Task directions:
Once the line containing "烏蘭薩德克養護站的工人駕車下" is found in the records below, return it and each following line exactly, up to and including the line containing "この日は1人で訪れたので、カ", and nothing else.

Task material:
▼

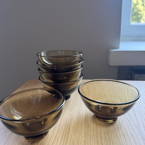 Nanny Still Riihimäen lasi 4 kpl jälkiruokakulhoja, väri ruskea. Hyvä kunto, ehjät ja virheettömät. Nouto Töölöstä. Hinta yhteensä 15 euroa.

▲
▼

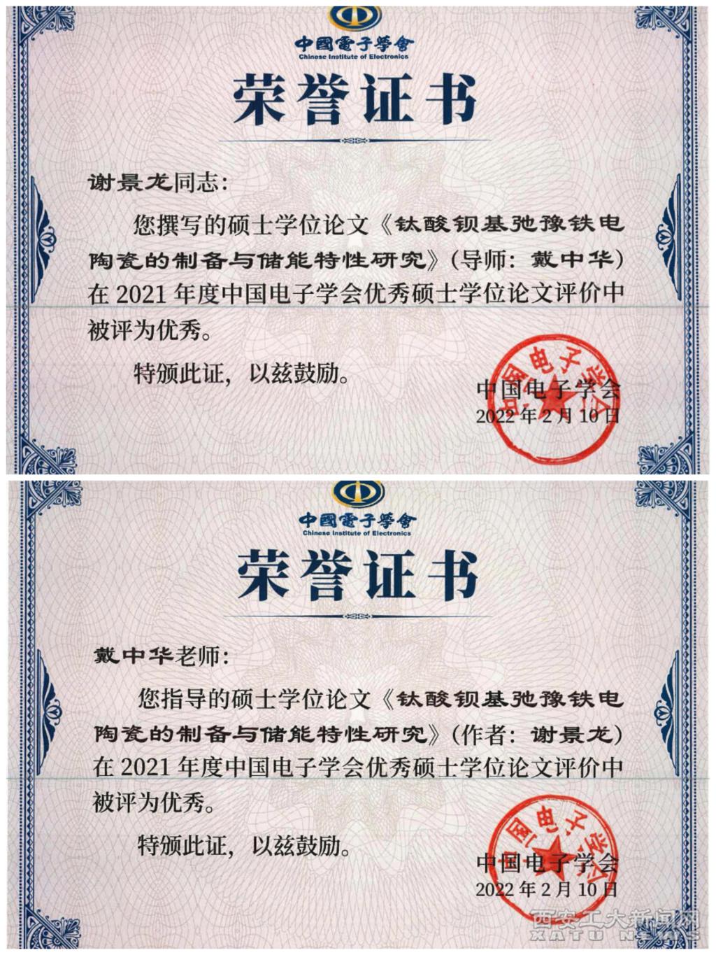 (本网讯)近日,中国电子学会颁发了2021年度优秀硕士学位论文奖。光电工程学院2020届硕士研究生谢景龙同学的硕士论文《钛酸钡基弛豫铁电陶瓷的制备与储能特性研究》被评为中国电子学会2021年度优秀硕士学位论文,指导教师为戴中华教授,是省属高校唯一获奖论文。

▲
▼

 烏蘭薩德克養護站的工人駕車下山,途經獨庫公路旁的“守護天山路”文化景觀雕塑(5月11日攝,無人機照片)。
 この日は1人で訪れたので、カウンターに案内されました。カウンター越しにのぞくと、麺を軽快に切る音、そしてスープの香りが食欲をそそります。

▲

Written answer:
 烏蘭薩德克養護站的工人駕車下山,途經獨庫公路旁的“守護天山路”文化景觀雕塑(5月11日攝,無人機照片)。
 この日は1人で訪れたので、カウンターに案内されました。カウンター越しにのぞくと、麺を軽快に切る音、そしてスープの香りが食欲をそそります。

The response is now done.